There had to be a flaw in Einstein's argument, and Bohr set out to find it by sketching the sort of equipment needed to conduct the experiment. The apparatus he focused on was the first screen. Bohr realised that the control and measurement of the transfer of momentum between the particle and screen hinged on the screen's ability to move vertically. It is the observation of the screen moving either up or down as the particle passes through the slit that allows the determination of whether it passes through either the upper or lower slit in the second screen, after it strikes the photographic plate.
Einstein, despite his years at the Swiss Patent Office, had not considered the details of the experiment. Bohr knew that the quantum devil lay in the details. He replaced the first screen with one hanging by a pair of springs fixed to a supporting frame so that its vertical motion due to the transfer of momentum from a particle passing through the slit could be measured. The measuring device was simple: a pointer attached to the supporting frame and a scale engraved on the screen itself. It was crude, but sensitive enough to allow the observation of any individual interaction between screen and particle in an imaginary experiment.
Figure 16: Bohr's design of a moveable first screen
Bohr argued that if the screen was already moving with an unknown velocity greater than any due to an interaction with a particle as it passed through the slit, then it would be impossible to ascertain the degree of momentum transfer and with it the trajectory of the particle. On the other hand, if it was possible to control and measure the transfer of momentum from particle to screen, the uncertainty principle implied a simultaneous uncertainty in the position of the screen and slit. However precise the measurement of the screen's vertical momentum, it was strictly matched, in accordance with the uncertainty principle, by a corresponding imprecision in the measurement of its vertical position.
Bohr went on to argue that the uncertainty in the position of the first screen destroys the interference pattern. For example, D on the photographic plate is a point of destructive interference, a dark spot in the interference pattern. A vertical displacement of the first screen would result in a change in the length of the two paths ABD and ACD. If the new lengths differed by half a wavelength, then instead of destructive interference there would be constructive interference and a bright spot at D.
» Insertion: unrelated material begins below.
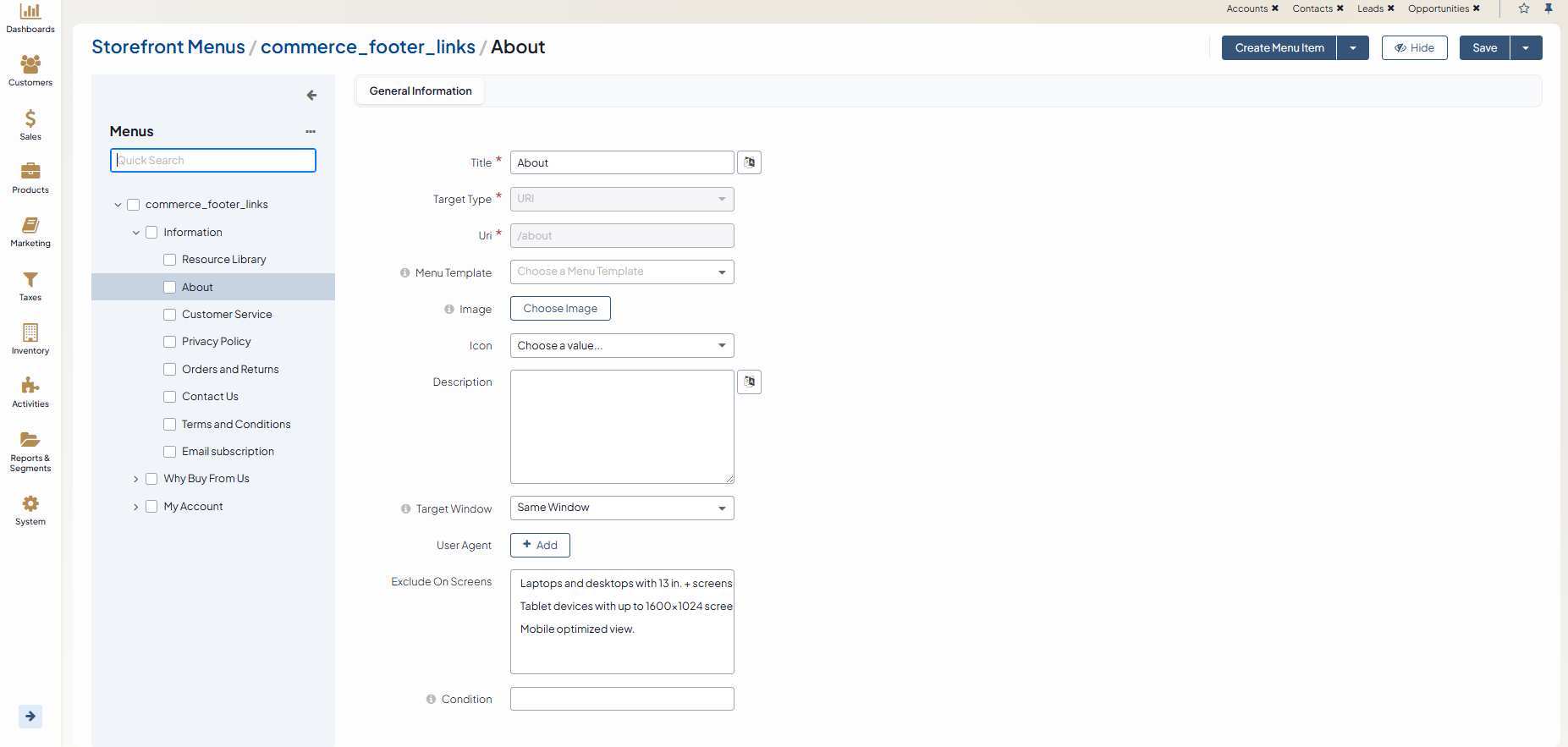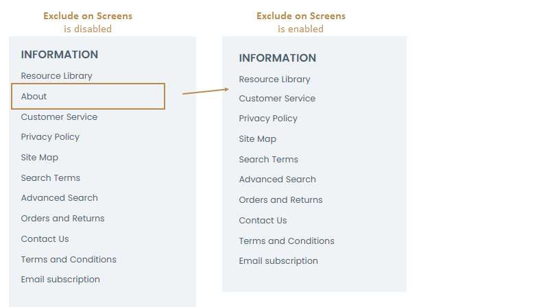 Exclude On Screens — Enables you to hide the menu items on the specified screen sizes by clicking any screen size and selecting the one for which the menu will be hidden from the customer. Hold Ctrl and click the value to select/deselect multiple screens.

To accommodate uncertainty in the vertical displacement of the first screen, S1, requires an 'averaging' over all of its possible positions. This leads to interference somewhere between the extremes of total constructive and total destructive interference, resulting in a washed-out pattern on the photographic plate. Controlling the transfer of momentum from the particle to the first screen allows the trajectory of the particle through a slit in the second screen to be tracked; however, it destroys the interference pattern, argued Bohr. He concluded that Einstein's 'suggested control of momentum transfer would involve a latitude in the knowledge of the position of the diaphragm [S1] which would exclude the appearance of the interference phenomena in question'.45 Bohr had not only defended the uncertainty principle but also the belief that the wave and particle aspects of a microphysical object cannot both appear in a single experiment, imaginary or not.
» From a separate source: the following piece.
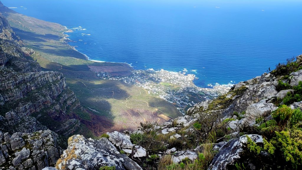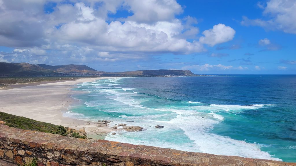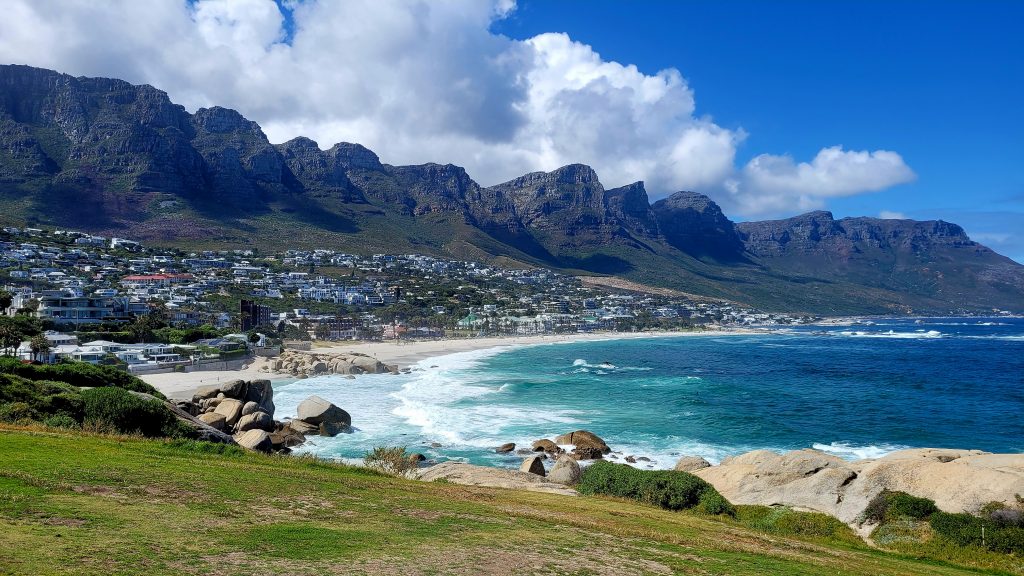 Bevor wir uns auf den eigentlichen Weg des heutigen Tages – die Garden Route – machen, stoppen wir noch einmal an der Camps Bay, wo wir gestern schon kurz waren und wo sich heute aufgrund der tollen Wetterlage der Blick auf die Spitze des Tafelbergs und die 12 Apostel für uns öffnet.

Bohr's rebuttal rested on the assumption that controlling and measuring the momentum transferred to S1 accurately enough to determine the particle's direction afterwards results in an uncertainty in the position of S1. The reason for this, Bohr explained, lay in reading the scale on S1. To do so, it has to be illuminated, and that requires the scattering of photons from the screen and results in an uncontrollable transfer of momentum. This impedes the precise measurement of the momentum transferred from the particle to the screen as it passes through the slit. The only way to eliminate the impact of the photon is by not illuminating the scale at all, making it impossible to read. Bohr had resorted to employing the same concept of 'disturbance' that he had earlier criticised Heisenberg for using as an explanation of the origin of uncertainty in the microscope thought experiment.
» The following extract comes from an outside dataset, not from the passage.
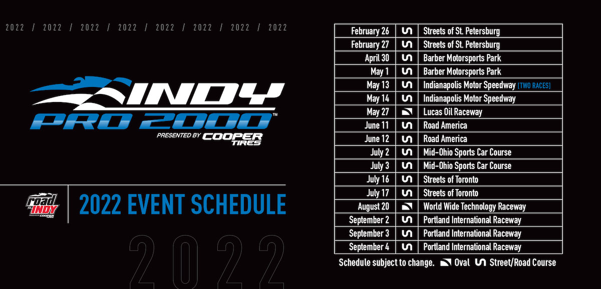Las temporadas 2022 de los campeonatos de Indy Pro 2000 y USF2000 se conformarán de 18 fechas, siendo parte de las actividades de casi todos los eventos de soporte de IndyCar.

There was another curious phenomenon associated with the two-slit experiment. If one of the two slits has a shutter that is closed, then the interference pattern disappears. Interference occurs only when both slits are open at the same time. But how was that possible? A particle can go through only one slit. How did the particle 'know' that the other slit was open or closed?
Figure 17: Two-slit experiment (a) with both slits open; (b) with one slit closed
Bohr had a ready answer. There was no such thing as a particle with a well-defined path. It was this lack of a definite trajectory that was behind the appearance of an interference pattern, even though it was particles, one at a time, which had passed through the two-slit set-up, and not waves. This quantum fuzziness enables a particle to 'sample' a variety of possible paths and so it 'knows' if one of the slits is open or closed. Whether it is open or not affects the particle's future path.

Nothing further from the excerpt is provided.